# BorsaBella bag choice help



## Arylkin (Apr 2, 2009)

So this is the Oberon case I'm going to get (the pic isn't of a kindle case, but it's the right design/color):









I'm thinking of getting this one:









I kind of like this one too:









I like this one, but I'm afraid it won't match with the green Oberon case:









What do you think? Do you think there's another design that would go with the green Oberon cover better?

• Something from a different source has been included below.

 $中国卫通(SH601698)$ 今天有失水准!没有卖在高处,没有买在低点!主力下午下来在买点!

I kind of want it to match with my purse at least a little, and my purse looks like this:









Thanks!!


----------



## eneisch (Mar 22, 2009)

If you are interested in a man's opinion - I like the first bag.  The green in it ties in to your Oberon cover as well as your purse.


----------



## ak rain (Nov 15, 2008)

I like the first too but the purse design will carry better so it depends how you are going to use.
sylvia


----------



## Arylkin (Apr 2, 2009)

Thanks!

The only thing I'm worried about is that the green of the Oberon cover doesn't match the colors of the first BorsaBag bag (which is my favorite).  I really wish she had a bag in a plum color (since that's my favorite color and I think it would match the green oberon case well).


----------



## shk246 (Mar 6, 2009)

You can email Melissa at Borsa Bella and request a plum fabric.  She is very accommodating.


----------



## Linda Cannon-Mott (Oct 28, 2008)

Arylkin said:


> Thanks!
> 
> The only thing I'm worried about is that the green of the Oberon cover doesn't match the colors of the first BorsaBag bag (which is my favorite). I really wish she had a bag in a plum color (since that's my favorite color and I think it would match the green oberon case well).

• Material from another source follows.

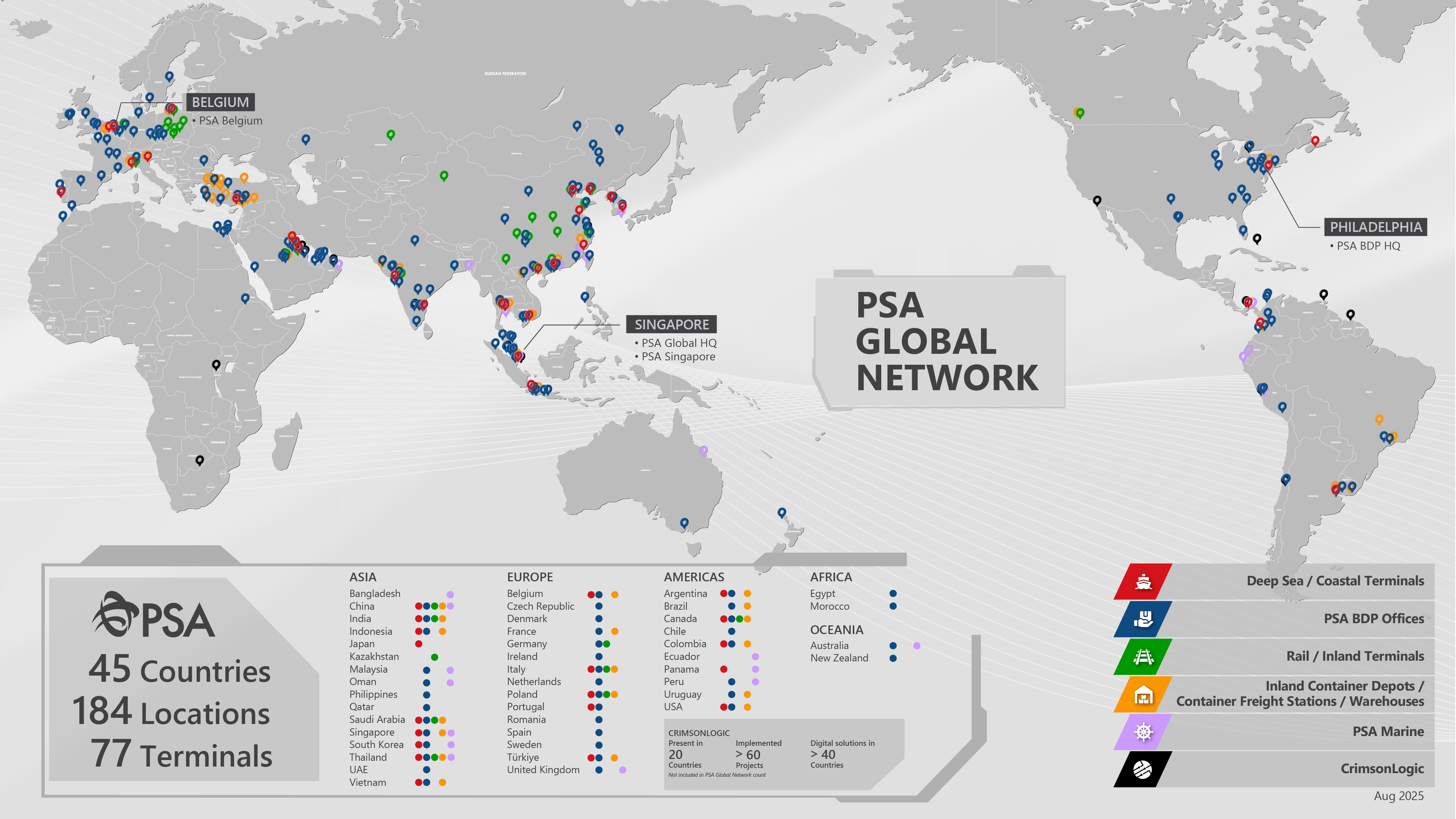 SGP is connected to the world through PSA, a leading global port operator and trusted partner to cargo stakeholders across more than 184 locations in 45 countries.

Don't forget Melissa will make whatever you want if you want to pick out your own fabric and send it to her. Several here have done that and the bags of course were gorgeous! She is a gem to work with.


----------



## Arylkin (Apr 2, 2009)

shk246 said:


> You can email Melissa at Borsa Bella and request a plum fabric. She is very accommodating.


Thanks- I emailed her!



Linda Cannon-Mott said:


> Don't forget Melissa will make whatever you want if you want to pick out your own fabric and send it to her. Several here have done that and the bags of course were gorgeous! She is a gem to work with.


Hmmm... that's a good idea.


----------



## akpak (Mar 5, 2009)

Of the choices posted, I think the first one is best. But do see if Melissa's got something even better!


----------



## Arylkin (Apr 2, 2009)

Thanks everyone!  I ended up getting the first BorsaBella case!  I can't wait until I get it!!!


----------



## Kind (Jan 28, 2009)

eneisch said:


> If you are interested in a man's opinion - I like the first bag. The green in it ties in to your Oberon cover as well as your purse.

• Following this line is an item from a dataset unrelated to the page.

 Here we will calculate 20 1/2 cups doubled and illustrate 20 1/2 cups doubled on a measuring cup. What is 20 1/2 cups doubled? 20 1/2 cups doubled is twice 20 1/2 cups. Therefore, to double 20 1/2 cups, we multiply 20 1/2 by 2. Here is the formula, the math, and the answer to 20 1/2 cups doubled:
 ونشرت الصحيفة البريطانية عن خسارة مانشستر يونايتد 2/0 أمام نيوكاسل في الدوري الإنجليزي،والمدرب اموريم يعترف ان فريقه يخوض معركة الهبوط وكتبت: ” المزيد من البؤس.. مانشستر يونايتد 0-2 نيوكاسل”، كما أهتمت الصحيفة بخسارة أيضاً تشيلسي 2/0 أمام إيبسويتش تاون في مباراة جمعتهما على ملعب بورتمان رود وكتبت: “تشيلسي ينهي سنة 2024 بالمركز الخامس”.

I would go with the same one... not for me..but the first one looks best from my point of view.


----------



## Jill75 (Mar 19, 2009)

Glad you have made your choice even before I have posted my reply. Anyway, my choice is the same as yours so I hope it turns out the way you wanted it.


----------



## pomlover2586 (Feb 14, 2009)

I say buy one of each and rotate based on the outfit your wearing for the day!


----------



## pawsplus (Mar 31, 2009)

So I'm looking at the Borsabella bags, too. I want the zipper one that will fit over the cover. And this one says it will, but . . .

http://www.borsabella.com/index.php?page=shop.product_details&flypage=ilvm_fly2_orange.tpl&product_id=192&category_id=14&option=com_virtuemart&Itemid=59

In the pic showing the case open, w/ the Kindle inside, it sure doesn't LOOK as if there is room for the cover.  I have the bobarra Austen on a K1. Will it fit?


----------



## VictoriaP (Mar 1, 2009)

pawsplus said:



> So I'm looking at the Borsabella bags, too. I want the zipper one that will fit over the cover. And this one says it will, but . . .
> 
> http://www.borsabella.com/index.php?page=shop.product_details&flypage=ilvm_fly2_orange.tpl&product_id=192&category_id=14&option=com_virtuemart&Itemid=59
> 
> In the pic showing the case open, w/ the Kindle inside, it sure doesn't LOOK as if there is room for the cover.  I have the bobarra Austen on a K1. Will it fit?


Those bags have been tested at this point with the major covers available--Amazon, Cole Haan, M-Edge, and Oberon. Of those, only the M-Edge requires a larger size as noted in her ad. I don't think I've seen anyone post a BB with a Bobarra cover, so I'd suggest taking very exact measurements of your cover (including thickness) and mailing them to Melissa directly. She should be able to confirm whether or not a cover of that size will fit.


----------